__WHAT YOU SHOULD DO__
Exclude the pictures, and otherwise reproduce the data in full.

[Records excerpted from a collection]
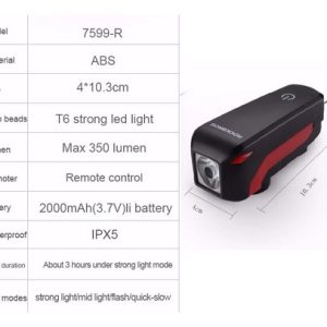 Mejora tu seguridad en cada recorrido con la Luz y Bocina ROCKBROS 7599-R. Este accesorio esencial combina una potente luz frontal y una bocina fuerte para garantizar que veas y seas visto y oído en cualquier condición. Diseñada para ser una herramienta versátil y confiable en tus trayectos.
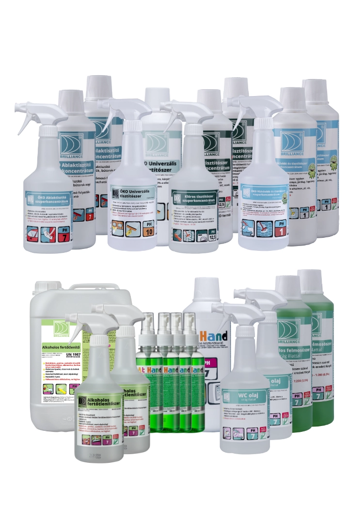 • WC deszka fertőtlenítés – 2 db Brilliance® Alkoholos fertőtlenítő 0,75 liter + 1 db 5 literes utántöltő
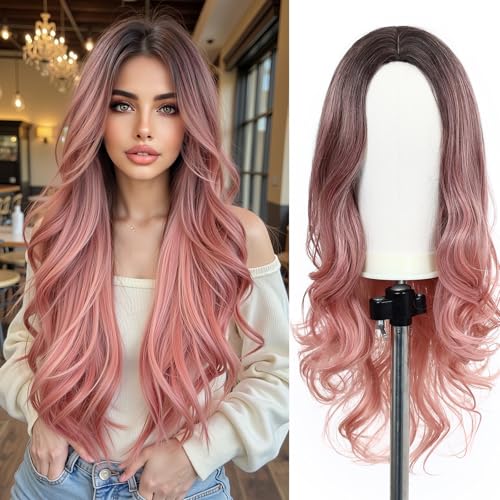 PORSMEER rosa ombre Långa vågiga peruker för kvinnor mittavskiljande lockigt naturligt hår peruk värmebeständig fibersyntetisk hårersättning peruker för cosplay daglig fest daglig användning 26 tum
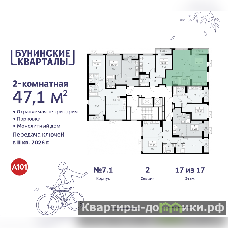 Дом монолитный, многоподъездный, переменной этажности, от 9 до 17 этажей. Квартира находится во 2-й секции высотой 17 этажей в корпусе 7.1. На этаже 7 квартир. В подъезде 1 пассажирский и 1 грузовой лифт. Начало строительства - 4 квартал 2023 года. Окончание строительства - 2 квартал 2026 года. Оформление сделки по договору долевого участия.
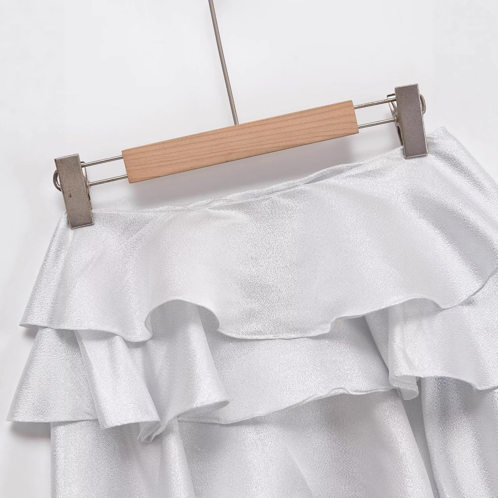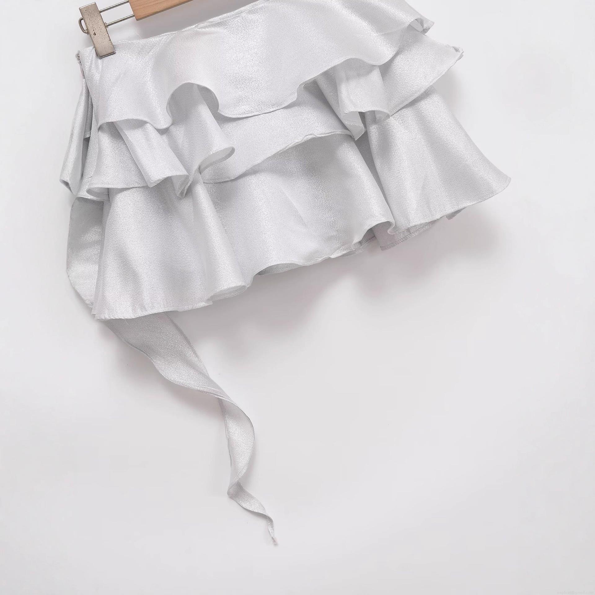 • Women's Metallic Silver Tiered Cake Skirt Glossy Ruffle Mini Skirt Western Streetwear Side Ribbon Design High Waist Fashion Short Skirts for Party
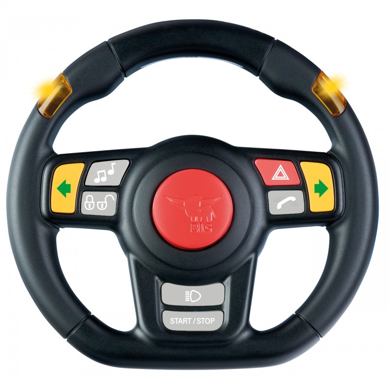 BIG Bobby Car Racing to rozbudowana kierownica z efektami świetlnymi i dźwiękowymi, która zamienia zwykłą zabawę w prawdziwy wyścig pełen emocji. Wyposażona w LED-owe światła awaryjne, kierunkowskazy oraz przednie reflektory, zapewnia realistyczne wrażenia jak w prawdziwym aucie. Elektroniczny klakson, radio z piosenką BIG Bobby Car oraz telefon sprawiają, że dziecko może wcielić się w rolę prawdziwego kierowcy. Centralny zamek i przycisk startowy z oryginalnym dźwiękiem silnika dodatkowo podnoszą realizm zabawy. To idealne akcesorium do jeździka BIG Bobby Car, które przenosi dziecięcą motoryzację na wyższy poziom.
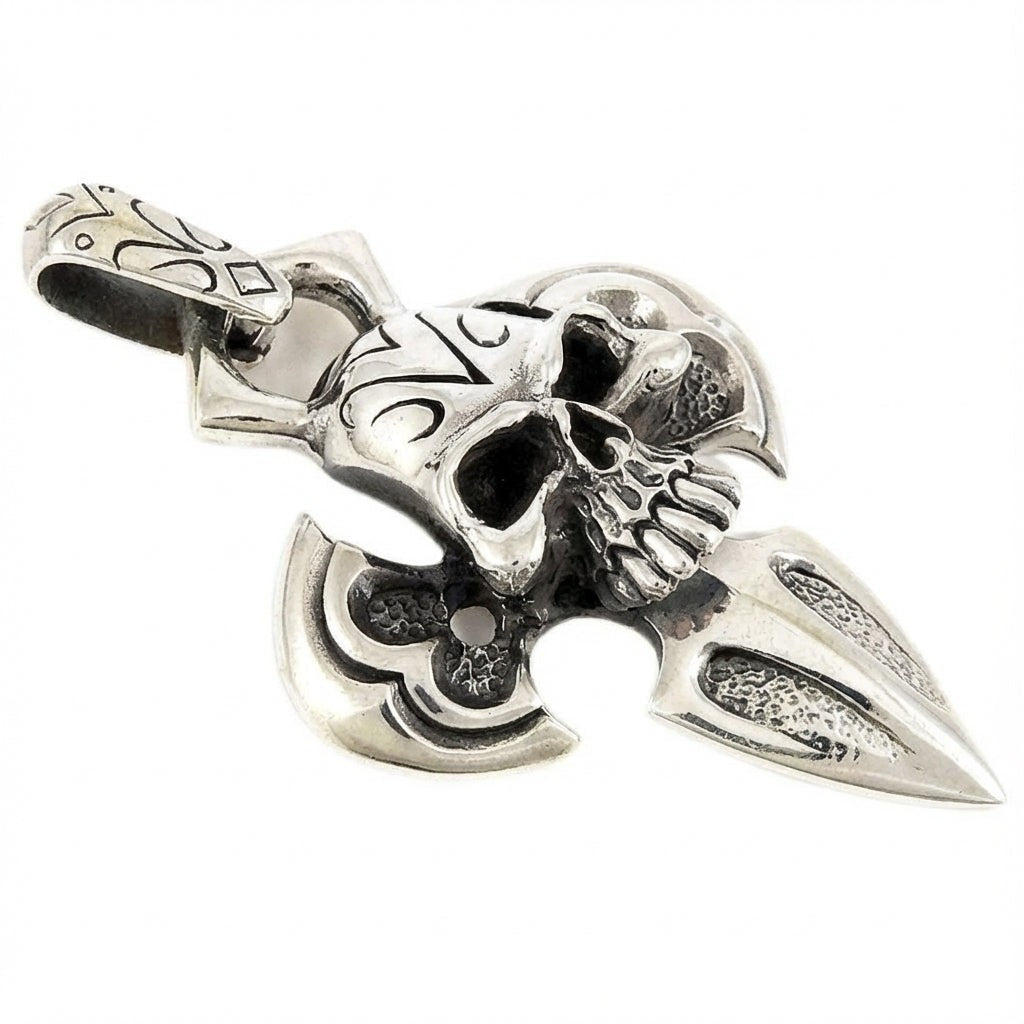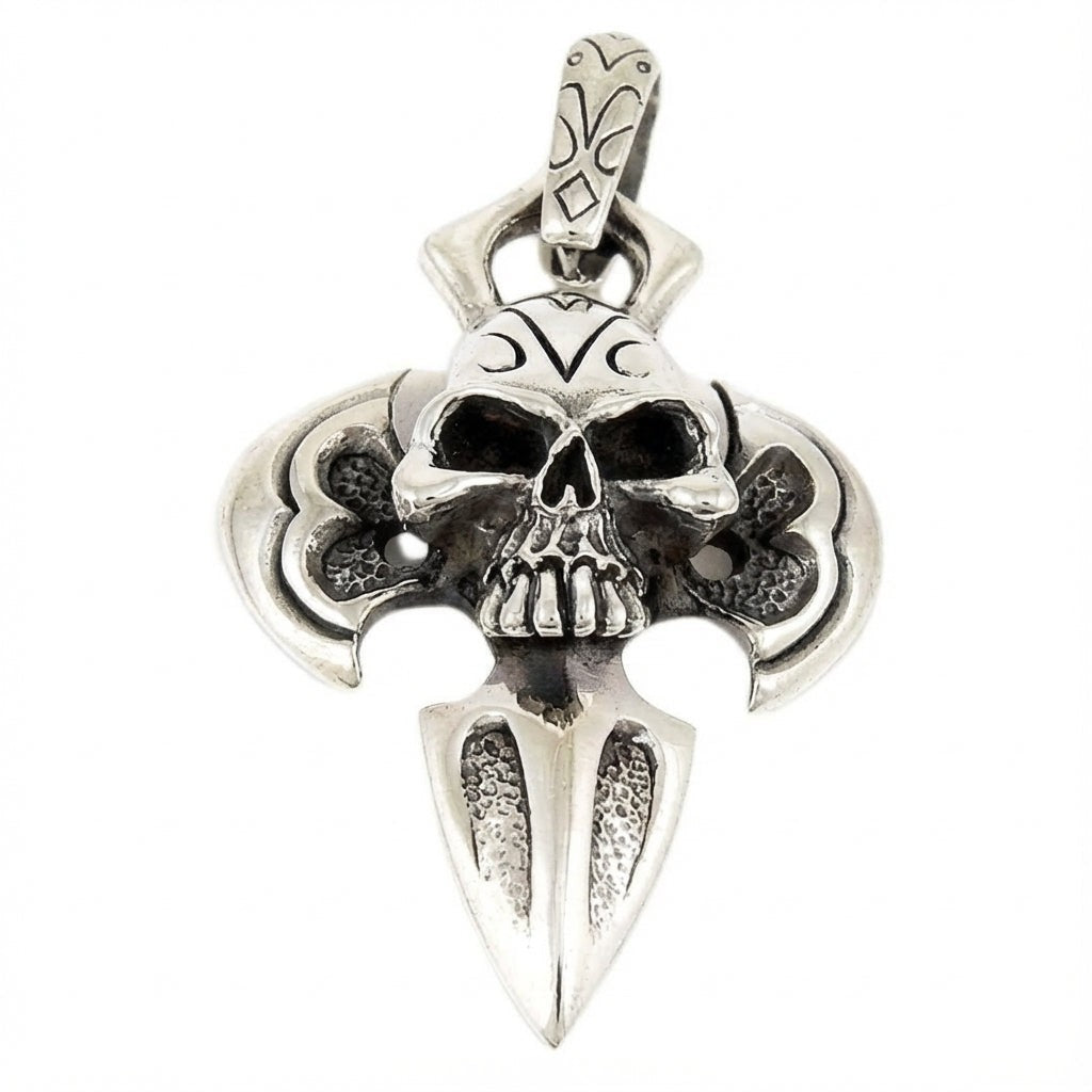 Velký přívěsek ve tvaru lebky s dýkou ze sterlingového stříbra ve stylu gothic
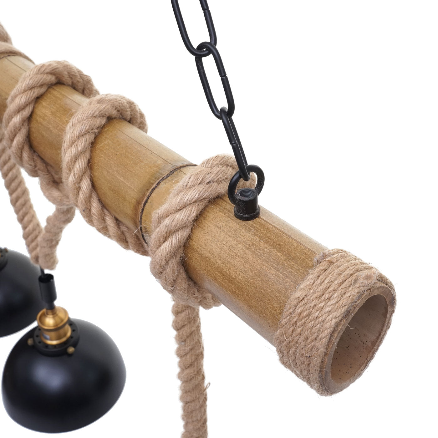 Cosmo Casa - Hanglamp - Vintage - Bamboe & Metaal - Zwart - 3 koepellampenkappen

__RESULT OF THE TASK__
 Mejora tu seguridad en cada recorrido con la Luz y Bocina ROCKBROS 7599-R. Este accesorio esencial combina una potente luz frontal y una bocina fuerte para garantizar que veas y seas visto y oído en cualquier condición. Diseñada para ser una herramienta versátil y confiable en tus trayectos.
 • WC deszka fertőtlenítés – 2 db Brilliance® Alkoholos fertőtlenítő 0,75 liter + 1 db 5 literes utántöltő
 PORSMEER rosa ombre Långa vågiga peruker för kvinnor mittavskiljande lockigt naturligt hår peruk värmebeständig fibersyntetisk hårersättning peruker för cosplay daglig fest daglig användning 26 tum
 Дом монолитный, многоподъездный, переменной этажности, от 9 до 17 этажей. Квартира находится во 2-й секции высотой 17 этажей в корпусе 7.1. На этаже 7 квартир. В подъезде 1 пассажирский и 1 грузовой лифт. Начало строительства - 4 квартал 2023 года. Окончание строительства - 2 квартал 2026 года. Оформление сделки по договору долевого участия.
 • Women's Metallic Silver Tiered Cake Skirt Glossy Ruffle Mini Skirt Western Streetwear Side Ribbon Design High Waist Fashion Short Skirts for Party
 BIG Bobby Car Racing to rozbudowana kierownica z efektami świetlnymi i dźwiękowymi, która zamienia zwykłą zabawę w prawdziwy wyścig pełen emocji. Wyposażona w LED-owe światła awaryjne, kierunkowskazy oraz przednie reflektory, zapewnia realistyczne wrażenia jak w prawdziwym aucie. Elektroniczny klakson, radio z piosenką BIG Bobby Car oraz telefon sprawiają, że dziecko może wcielić się w rolę prawdziwego kierowcy. Centralny zamek i przycisk startowy z oryginalnym dźwiękiem silnika dodatkowo podnoszą realizm zabawy. To idealne akcesorium do jeździka BIG Bobby Car, które przenosi dziecięcą motoryzację na wyższy poziom.
 Velký přívěsek ve tvaru lebky s dýkou ze sterlingového stříbra ve stylu gothic
 Cosmo Casa - Hanglamp - Vintage - Bamboe & Metaal - Zwart - 3 koepellampenkappen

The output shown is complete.